OVERVIEW: The Laird Norton Foundation’s grantmaking supports education, climate change, and vulnerable youth.
IP TAKE: Laird Norton can provide both program and operating support, which makes it an attractive funder for small and grassroots organizations.
PROFILE: Established in 1940, the Laird Norton Family Foundation has supported the philanthropic efforts of the Laird and Norton families through the then-Briarcombe Fund. In 2006, the family company donated $25 million to Briarcombe, which was renamed the Laird Norton foundation. Laird Norton believes water and sanitation efforts “the first step [in] improving health, education, economic welfare, and quality of life in developing countries.” Laird Norton supports arts in education, climate change, and vulnerable youth. It no longer make grants through its Global Fundamentals program, which has ended its WASH and sanitation efforts in the public health sector. However, it continues to support watershed efforts.
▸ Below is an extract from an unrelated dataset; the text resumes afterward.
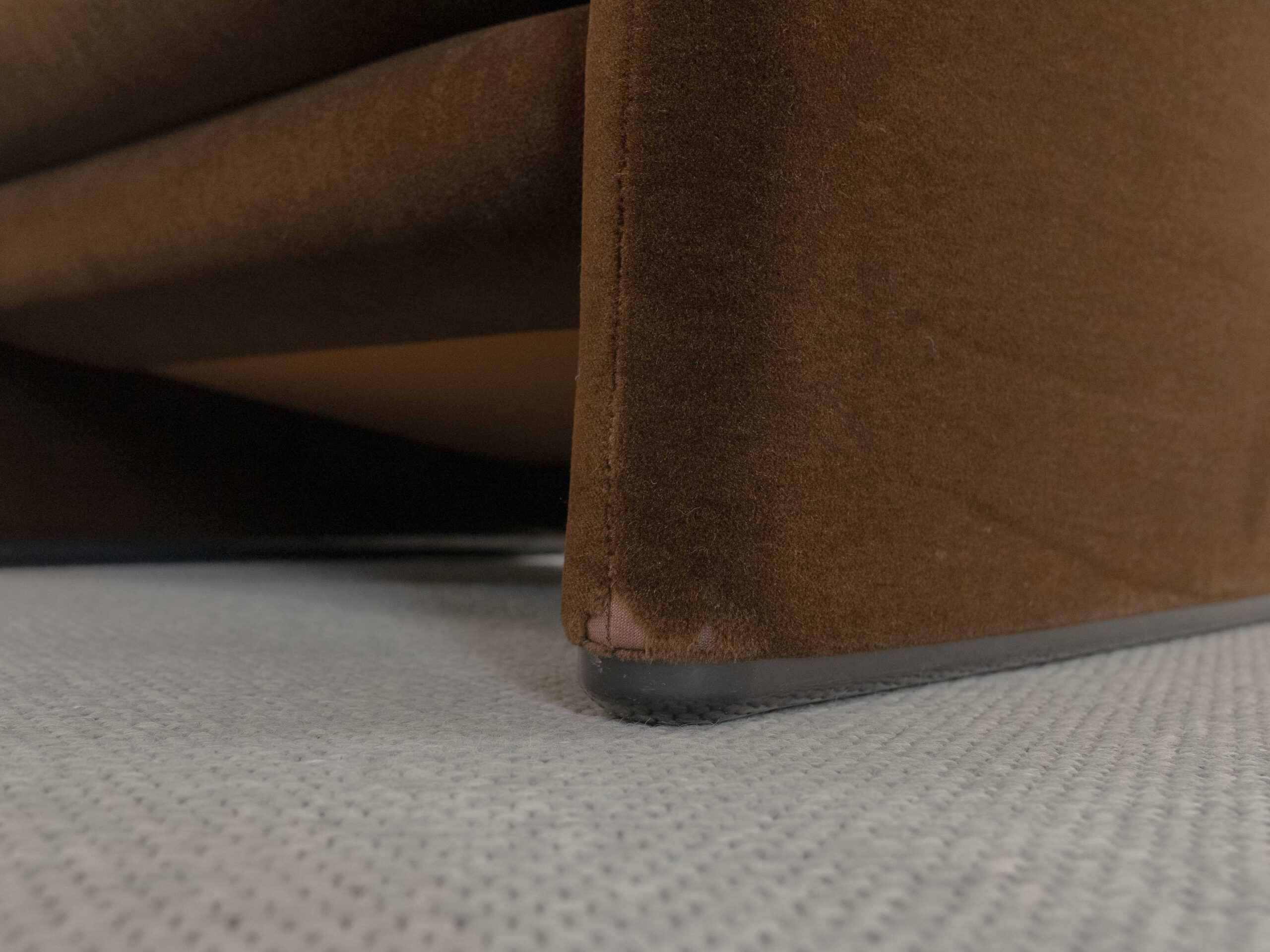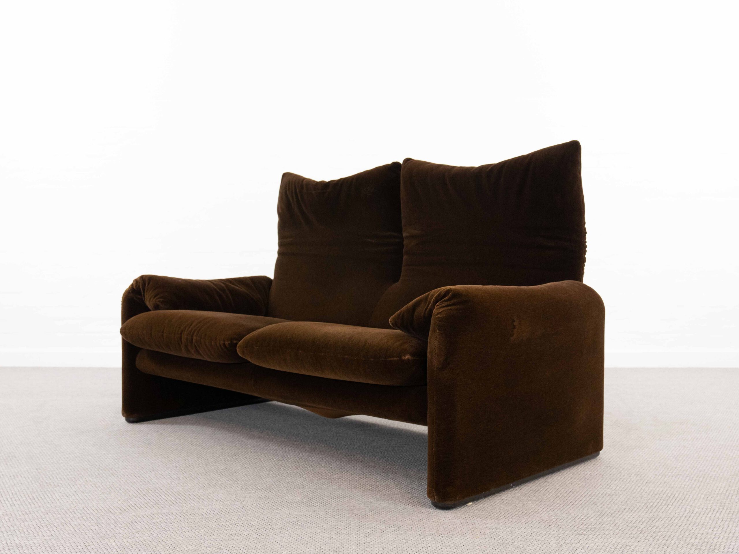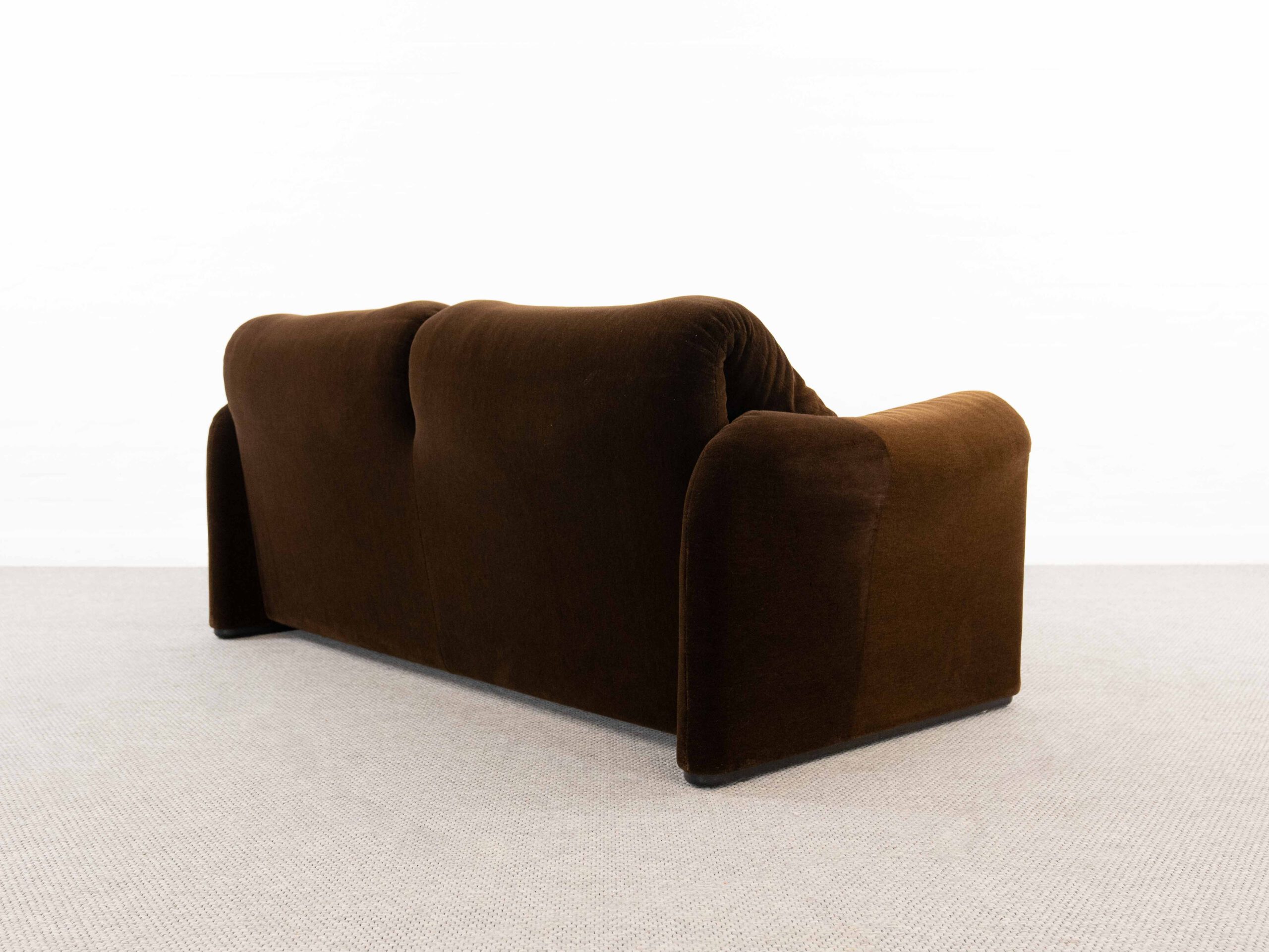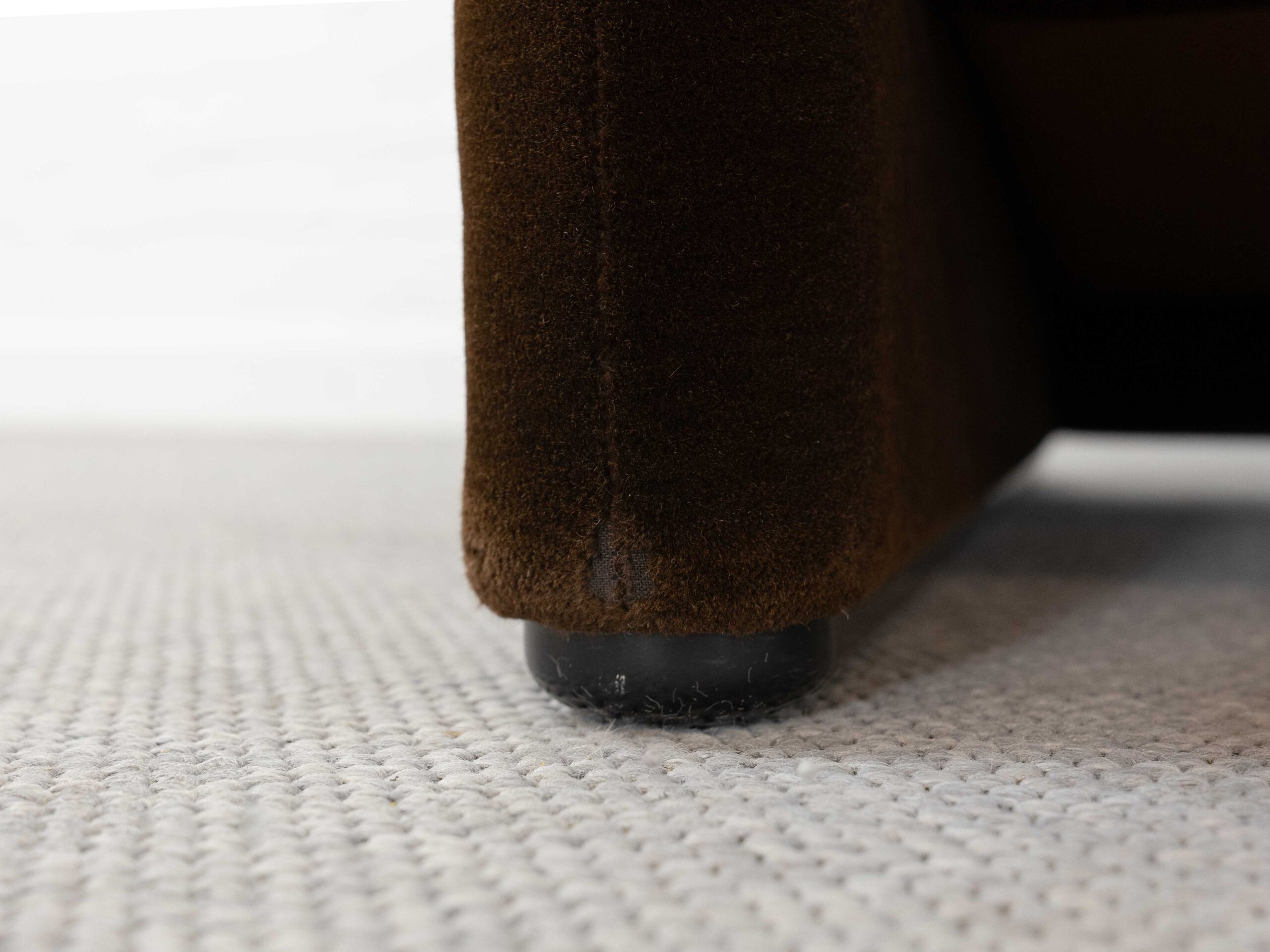Sitzgruppe bestehend aus Cassina Maralunga 2-sitzer Sofa, Maralunga Sessel sowie einem B&B Italia Fusshocker. Die Sitzgruppe wurde in den frühen 80ern mit einem dunkelbraunem teddy-/samtähnlichem Stoff bezogen, daher ist kein Herstelleretikett mehr vorhanden. Nichtraucherobjekt. Die Rückenlehnenmechanik funktioniert, gutes Sitzgefühl, nicht durchgesessen. Der Stoff weist etwas Abrieb an den Fusskanten und teilw. an den Kissenecken des Sofas und des Sessels auf. Bitte sehen sie sich die beigefügten Fotos an. Die rechte Seite des Sofas weist eine Verfärbung auf, da das Sofa seit den 80ern teilw. verdeckt gestanden hat und im vorderen Teil etwas mehr ausgeblichen ist. Der Hocker ist von B&B Italia, Entwurf von Afra&Tobia Scarpa, Modell Coronado. Maße Sofa: B.165cm, H.70/100, T.85 Maße Sessel: B.100, H.70/100, T.85

Laird Norton has vastly reduced its public health investments in WASH and sanitation efforts. Instead, Laird Norton now makes public health grants through its Watershed and Climate Change programs. Its Watershed program, limited to the Northwestern U.S., invests in "collaborative, community-led watershed restoration with the goal of making measurable improvements in the ecosystems of watersheds – from fish passage and stream restoration to land conservation and environmental education for local youth." While LN funds public health grants as they relate to watershed concerns, it emphasizes environmental concerns rather than public health issues. In contrast, its climate change program offers some public health related funding. However, LN only supports public health projects in this area that mitigate the affects of climate change on health. Despite this, LN has largely shifted its public health investments elsewhere.
Grants typically range from $20,000 to $50,000. Grant periods are one year, but the foundation occasionally considers multi-year awards. LN does not accept unsolicited applications. However, accepts “brief inquiries” from organizations whose work aligns with the foundation’s global grantmaking priorities.